* Task goal: Please print out the entries below unchanged and skip the images.

*** Data ***

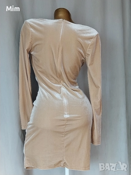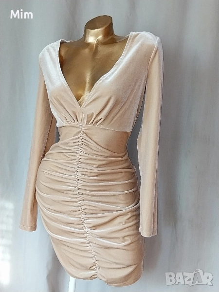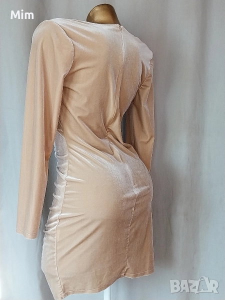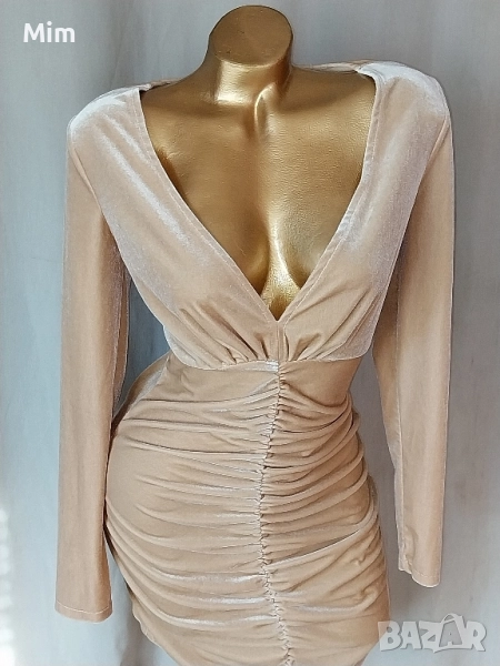 Рокля цвят шампанско с дълъг ръкав отпред набрана ,от еластично финно кадифе ,закопчаването е отзад с цип, гръдна 100 до 115 см еластичност, талия 70 до 80 см еластичност, дължина 85 см ,дължина на ръкавите 58 см Неразличима от нова без хартиен носител.
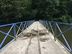 The Decauville railway with a gauge of 600 mm (1 ft 11+58 in) ran from the quarries to the forges and offices at the railway station, near which other metalworking factories and electric motor works were opened up via the narrow-gauge railway around 1932.[6][7] The Decauville railway was operated with steam locomotives and numerous tipping lorries. Remains of the tracks are still preserved on the embankment that divides the lake into two parts. In the newly created park on Rue de la Gare, the park paths follow the route of the former light railway.[8]
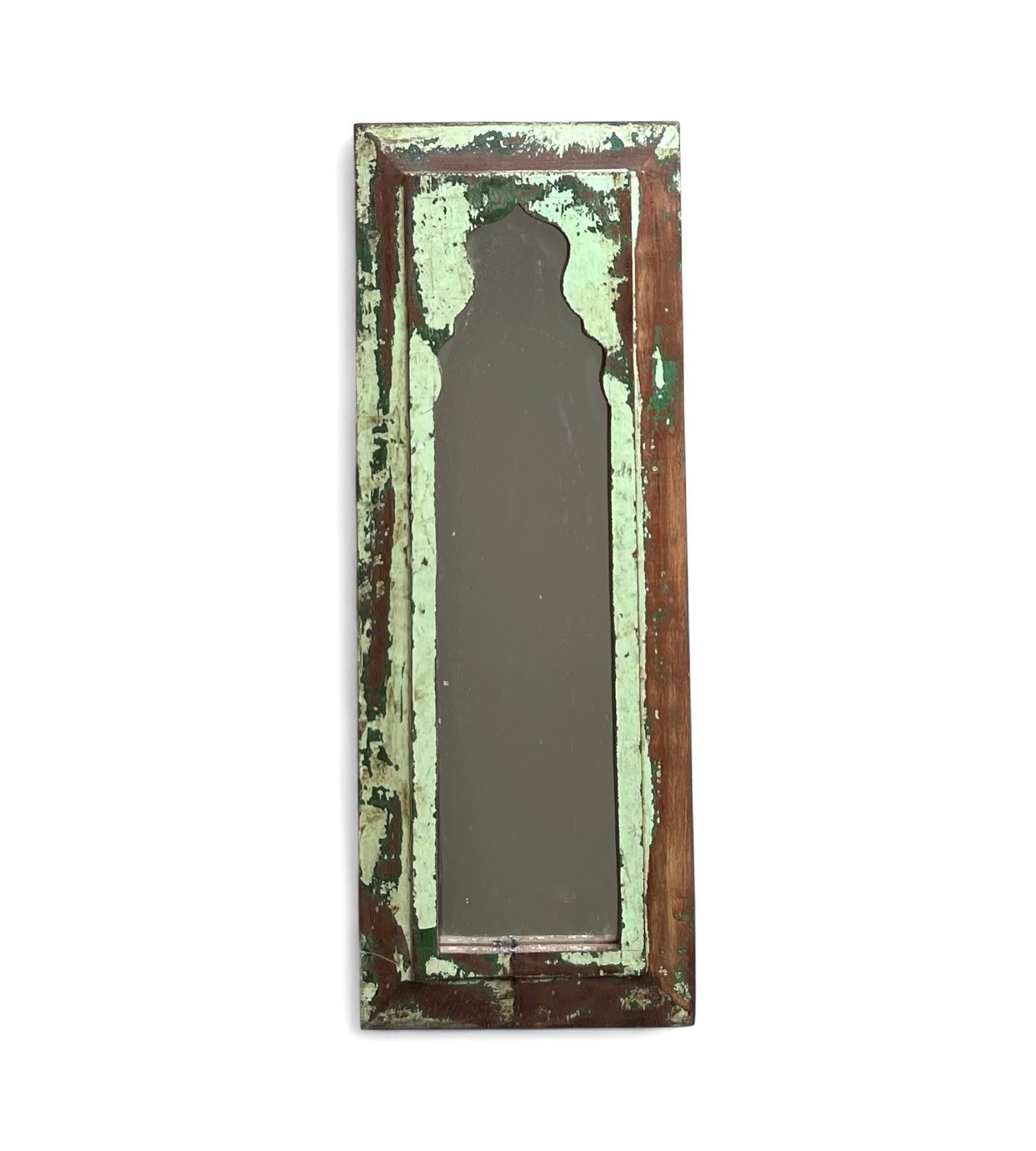 These vintage Indian arch mirrors have been handcrafted from recylced wood. Each mirror is framed with intricately carved wood, its distinctive arch shapes inspired by Rajasthani and Mughal design.
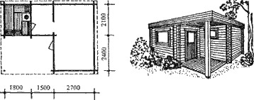 Рис. 59. Фасад и план сауны на 3 человека с предбанником и открытым крыльцом.
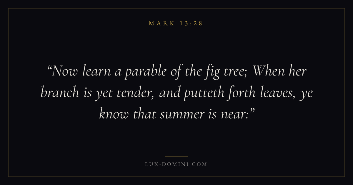 Now learn a parable of the fig tree; When her branch is yet tender, and putteth forth leaves, ye know that summer is near:
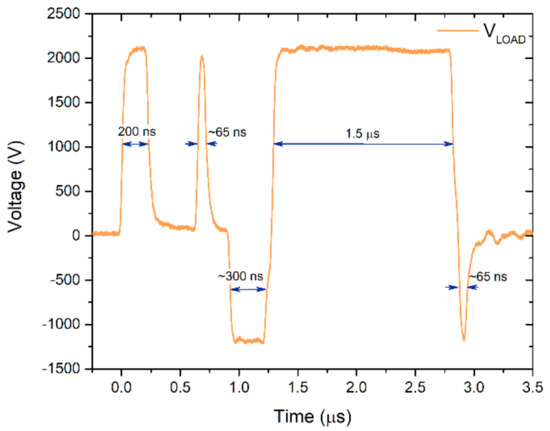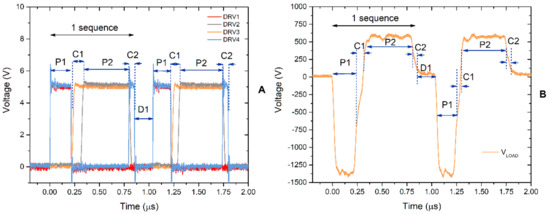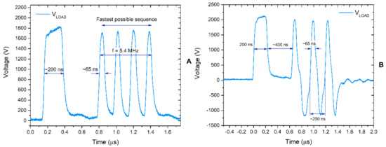 As can be seen in Figure 4A, firstly, the DRV1 and DRV4 are triggered to form a 200 ns pulse by opening the respective switches (T1–T4, refer to Figure 1). Then, a crowbar (C1) is used to rapidly cut the fall time (DRV3 is triggered, which opens T7 and T8), followed by a 500 ns pulse of reverse polarity (DRV2 and DRV3 are active to control T7 and T8). Similarly, in order to cut the fall time, the second crowbar is used (C2) and, thus, DRV4 is triggered (T3 and T4 are open). The effects of such a driving sequence can be observed in Figure 4B. It allows rapid switching of kV range pulses even in kΩ loads. A programmable delay D1 can be introduced between repetitive sequences.
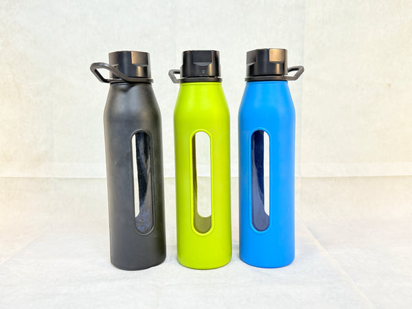 These water bottles in lime green, blue and black consist of clear glass bottle with a silicone jacket and carry handle. Approximately 20 ounce capacity. Dishwasher safe. Very Good Condition.

***

* Response for this exercise:
 Рокля цвят шампанско с дълъг ръкав отпред набрана ,от еластично финно кадифе ,закопчаването е отзад с цип, гръдна 100 до 115 см еластичност, талия 70 до 80 см еластичност, дължина 85 см ,дължина на ръкавите 58 см Неразличима от нова без хартиен носител.
 The Decauville railway with a gauge of 600 mm (1 ft 11+58 in) ran from the quarries to the forges and offices at the railway station, near which other metalworking factories and electric motor works were opened up via the narrow-gauge railway around 1932.[6][7] The Decauville railway was operated with steam locomotives and numerous tipping lorries. Remains of the tracks are still preserved on the embankment that divides the lake into two parts. In the newly created park on Rue de la Gare, the park paths follow the route of the former light railway.[8]
 These vintage Indian arch mirrors have been handcrafted from recylced wood. Each mirror is framed with intricately carved wood, its distinctive arch shapes inspired by Rajasthani and Mughal design.
 Рис. 59. Фасад и план сауны на 3 человека с предбанником и открытым крыльцом.
 Now learn a parable of the fig tree; When her branch is yet tender, and putteth forth leaves, ye know that summer is near:
 As can be seen in Figure 4A, firstly, the DRV1 and DRV4 are triggered to form a 200 ns pulse by opening the respective switches (T1–T4, refer to Figure 1). Then, a crowbar (C1) is used to rapidly cut the fall time (DRV3 is triggered, which opens T7 and T8), followed by a 500 ns pulse of reverse polarity (DRV2 and DRV3 are active to control T7 and T8). Similarly, in order to cut the fall time, the second crowbar is used (C2) and, thus, DRV4 is triggered (T3 and T4 are open). The effects of such a driving sequence can be observed in Figure 4B. It allows rapid switching of kV range pulses even in kΩ loads. A programmable delay D1 can be introduced between repetitive sequences.
 These water bottles in lime green, blue and black consist of clear glass bottle with a silicone jacket and carry handle. Approximately 20 ounce capacity. Dishwasher safe. Very Good Condition.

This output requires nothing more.